Blu Notte racconta la Sacra corona unita

di Cesare Piccitto
da liberainformazione.org

“Tutte la mafie hanno gli stessi obbiettivi: Potere, affari, denaro... E per raggiungere questi obbiettivi fanno di tutto. Distruggono il territorio, distruggono le speranze delle persone, lo rendono grigio lo rendono ostaggio... creano nelle società ansie e paure.” Inizia con le parole di don Luigi Ciotti, l'ultima puntata di Blu Notte, dedicata alla mafia in Puglia: la Sacra corona unita

Erroneamente, questa organizzazione criminale, è stata considerata per decenni una non mafia alla stregua di un fenomeno folcloristico. Una mala di cani sciolti che si dedicava al contrabbando di sigarette e all'usura quasi per una mera questione si sopravvivenza. Questa scarsa considerazione del fenomeno ha invece permesso al fenomeno di nascere ed espandersi allo stesso modo di tutte le altre mafie, con le stesse caratteristiche e dinamiche tipiche, il programma di Lucarelli riesce a trasmetterci una quadro del fenomeno storico e dettagliato.

Il racconto inizia dalla storia emblematica di una giovane donna pugliese. Palmina aveva solo 14 anni viveva a Fasano, era bella, e qualcuno voleva farla prostituire. Per questo è morta, bruciata viva con alcol e fiammiferi. L'11 novembre 1981 fu ritrovata dal fratello nella loro casa con ancora le fiamme addosso, una torcia umana, divorata dal fuoco. La piccola morirà 22 giorni dopo per le ustioni riportate. Era vigile e cosciente Palmina Martinelli tanto che riesce a incontrare un magistrato, Nicola Magrone: Palmina fa i nomi dei suoi carnefici, due fratellastri dediti allo sfruttamento della prostituzione. Di uno dei due si era invaghita. A conferma di quanto raccontato dalla piccola, c'è anche un tremendo nastro audio in cui si sente la flebile voce della Martinelli, in punto di morte, che conferma i nomi dei suoi aguzzini.

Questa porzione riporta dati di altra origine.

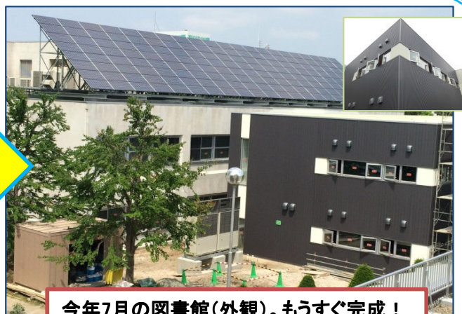
今年7月の図書館(外観)。もうすぐ完成！

Scorrono nel video, le storie di queste e altre vittime di mafia, e nel frattempo l'ascesa e la crescita della Sacra corona unita nella regione soprannominata la “California del sud”. Tra gli intervistati, oltre ai parenti delle vittime di mafia pugliesi, collaboratori di giustizia e politici.
L'organizzazione mafiosa ha il suo centro in Puglia e trovò negli accordi criminali, con organizzazioni dell'est europeo, la sua specificità per emergere e distaccarsi dalle altre mafie italiane. Raggiunse il suo apice tra la fine degli anni ottanta e l'inizio degli anni novanta del secolo scorso. La Sacra corona unita fu fondata da Giuseppe Rogoli nel carcere di Trani la notte di Natale dell'anno 1981. Quest'ultimo era già affiliato alla 'Ndrangheta (nella 'ndrina dei Bellocco) e chiese il permesso al capobastone Umberto Bellocco di formare una 'Ndrangheta Pugliese. Nel 1987 Rogoli affidò a Oronzo Romano la costituzione di un'altra 'ndrina nel sud barese, sempre con il consenso della 'Ndrangheta.

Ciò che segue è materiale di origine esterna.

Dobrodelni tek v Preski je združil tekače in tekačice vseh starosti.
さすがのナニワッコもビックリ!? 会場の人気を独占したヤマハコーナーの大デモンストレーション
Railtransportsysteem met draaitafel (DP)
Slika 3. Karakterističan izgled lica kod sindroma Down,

Il finale del programma, ci racconta una mafia completamente annientata dagli arresti e dall'antimafia sociale svolta soprattutto da Libera. Ci lascia però alcuni dubbi: l'ultimo omicidio avvenuto in Puglia è avvenuto nel 2008, dove non è stata fatta piena luce; sui beni confiscati sono numerose e pesanti le pressioni di tipo mafioso.

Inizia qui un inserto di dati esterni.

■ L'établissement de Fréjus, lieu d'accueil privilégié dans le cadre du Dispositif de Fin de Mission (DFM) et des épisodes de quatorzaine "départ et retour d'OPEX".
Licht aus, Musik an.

Altri dubbi, sulla reale conclusione della quarta mafia, vengono dalla recente attualità. Una bomba a mano di tipo militare venne fatta esplodere a Mesagne dinanzi all’abitazione di un collaboratore di giustizia, Ercole Penna. La deflagrazione non provocò feriti. L'abitazione presa di mira era del suocero di Penna, cognato di Pino Rogoli, fondatore della Sacra Corona Unita.
Alla fine del 2010 una operazione di polizia nel brindisino ha portato all’esecuzione di 28 provvedimenti di fermo e allo smantellamento dei vertici dei clan criminali della provincia, vecchi e nuovi assetti di potere della Sacra Corona Unita.

Può davvero considerarsi conclusa, dunque, la storia di questa quarta mafia?